What I’m saying is, if programmers can specify which pointers are
expected to be null and which are expected not to be null, and
the type system keeps track that a non-nullable pointer isn’t
assigned a possibly null value without some explicit cast (which
may even have zero-runtime cost with the right compiler switches,
giving you core dumps or – on WebAssembly – UB), we can mind the
null where it is to be minded, and rest assured that there won’t
be nulls where we don’t expect them.
> The only time a null pointer dereference is an actual problem
> is when running on a machine that does not have memory
> protection, which are decades in obsolescence.
I don’t know myself, but people consistently point out that it’s
not true. As far as I’m told, we’re here:
- D can target WebAssembly and adds nullable/non-nullable
annotations.
- D’s null is `@safe`.
Choose one.
> The real issue with null pointer seg faults is the screen dump
> of mysterious numbers and letters.
What you’re saying is that null dereferences, which are bugs, can
rather easily debugged. First, that depends on the experience of
the programmer; I wouldn’t bet my life on being able to
understand a core dump, let a lone that of a link-time optimized
program. Second, I’d rather have a compile-error that tells me
I’m risking a null dereference bug here than having to test and
hopefully discover the bug before code goes to production. What I
do with the error depends on circumstance. I have the following
options, probably more:
- Mark the left-hand side nullable.
- Mark the origin of the right-hand side as non-nullable.
- Handle the null case.
- Insert a `cast(!null)`, risking a bug if I’m wrong.
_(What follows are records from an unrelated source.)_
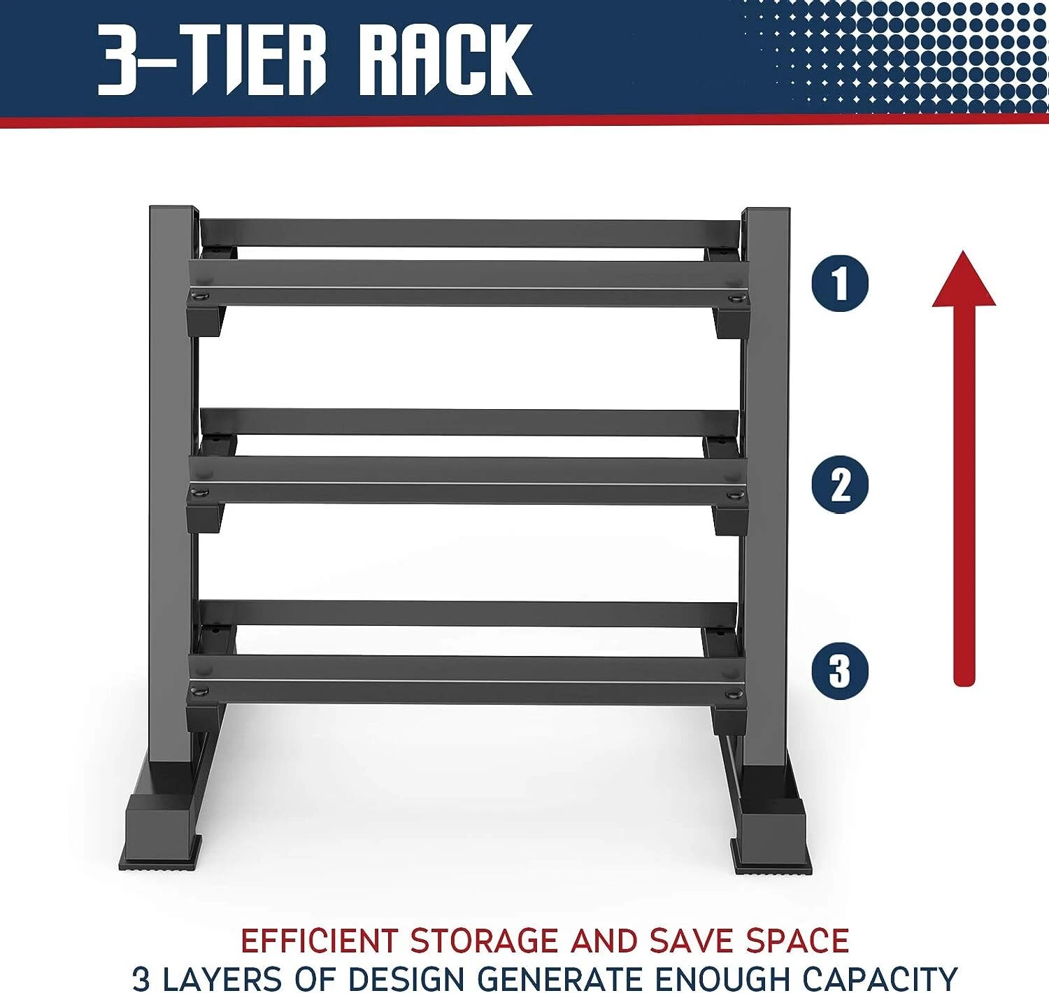 Features: 1) 3 tier and tilted angled weight racks are for more storage and easy handling. 2) Width adjustable design fits all different dumbbell sizes and styles. 3) Commercial heavy-duty steel provides lifetime use. 4)The compact structure takes up a small space.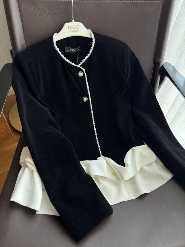 Boncuk Detay Kadife Paris Ceket CKT100262 – Siyah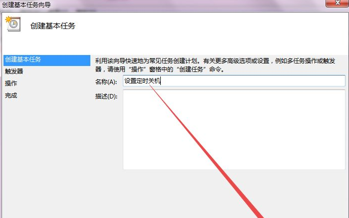 3.然后我们输入名称”设置定时关机“,点击下一步。
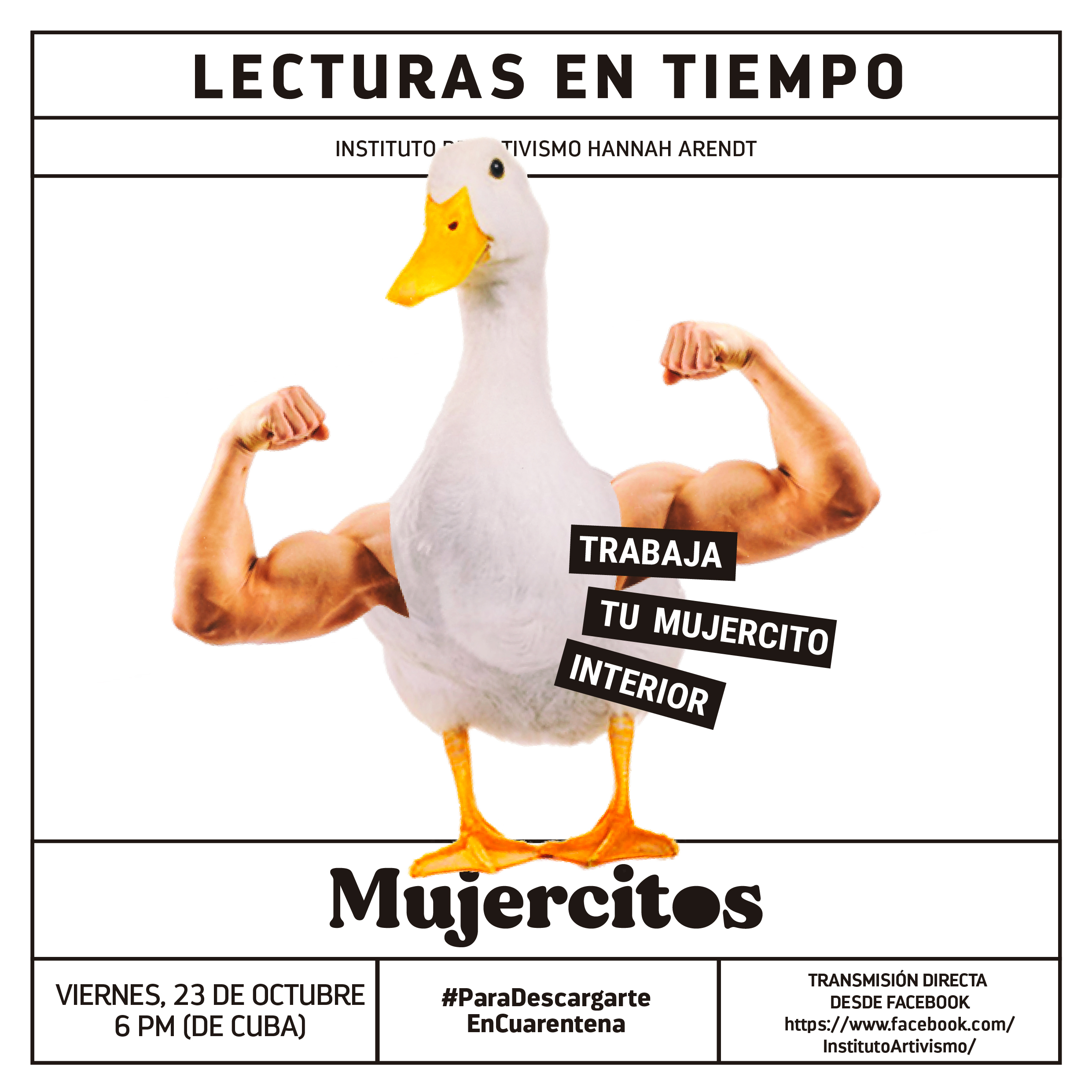 Mujercitos se funda en La Habana, a mediados del 2020. Mujercitos es un colectivo artístico. Aunque Mujercitos tenga escritores, no es literatura. Aunque Mujercitos publique en las redes, no es un medio de comunicación. Mujercitos es Mujercitos. No le gustan los medios, le gustan los extremos. Mujercitos usa la escritura visual, textual y paratextual para «cosas que te callas»; usa la performatividad para que las palabras se conviertan en gestos y los gestos en disparos para matar el tiempo muerto. En Mujercitos las palabras y las imágenes son piezas únicas, inseparables, insoportables. El vómito es su medio de expresión. El vómito es la libertad.

Only in the “handle the null case” does it incur a run-time cost,
which I decided was actually needed and had merely forgotten to
do.
My suggestion is, adding two type suffixes: `T?` for indicating
that `null` is a valid value and `T!` for indicating that `null`
is not a valid value. Together with module defaults, that makes
for a rather seamless transition.
In the current state, the language default is `?`, i.e. every
reference type is as if suffixed by `?`. A module default of
`!null` changes that to `!`, so explicit `?` are needed. A module
default only affects what is lexically in the module, not e.g.
imported stuff.
```d
// D tomorrow:
module m;
int* f(); // as if: `int*? f();`
int*? g(); // same type as `f`
int*! h(); // explicitly non-nullable result
```
```d
// D tomorrow:
default(!null)
module m;
int* f(); // as if: `int*! f();`: explicitly non-nullable result
int*? g(); // explicitly nullable result
int*! h(); // same type as `f`
```
```d
// Possible future D edition where non-null as the language
default:
module m;
int* f(); // as if: `int*! f();`
int*? g(); // explicitly nullable result
int*! h(); // same type as `f`
```
```d
// Possible future D edition where non-null as the language
default:
default(null)
module m;
int* f(); // as if: `int*? f();` explicitly non-nullable result
int*? g(); // same type as `f()`
int*! h(); // explicitly non-nullable result
```
This is how D could introduce non-nullable reference types
(pointers, delegates, class handles, …) to the language. Only for
`ref`, I’d immediately go with `ref?` is allowed to be `null`,
but ordinary `ref` isn’t because practically, almost all `ref`
function parameters are expected to be non-null and are bound to
arguments that are obviously not `*null`.
As pointed out, if D targets WebAssembly, the `cast(!null)` can’t
be `@safe`. This isn’t even controversial. D can only target the
WebAssembly that exists with all its flaws.
> The real biggest mistake in C is the eager decay of arrays to
> pointers, and the tragedy of C is nobody has any interest in
> fixing it.
I don’t disagree, but it’s unrelated.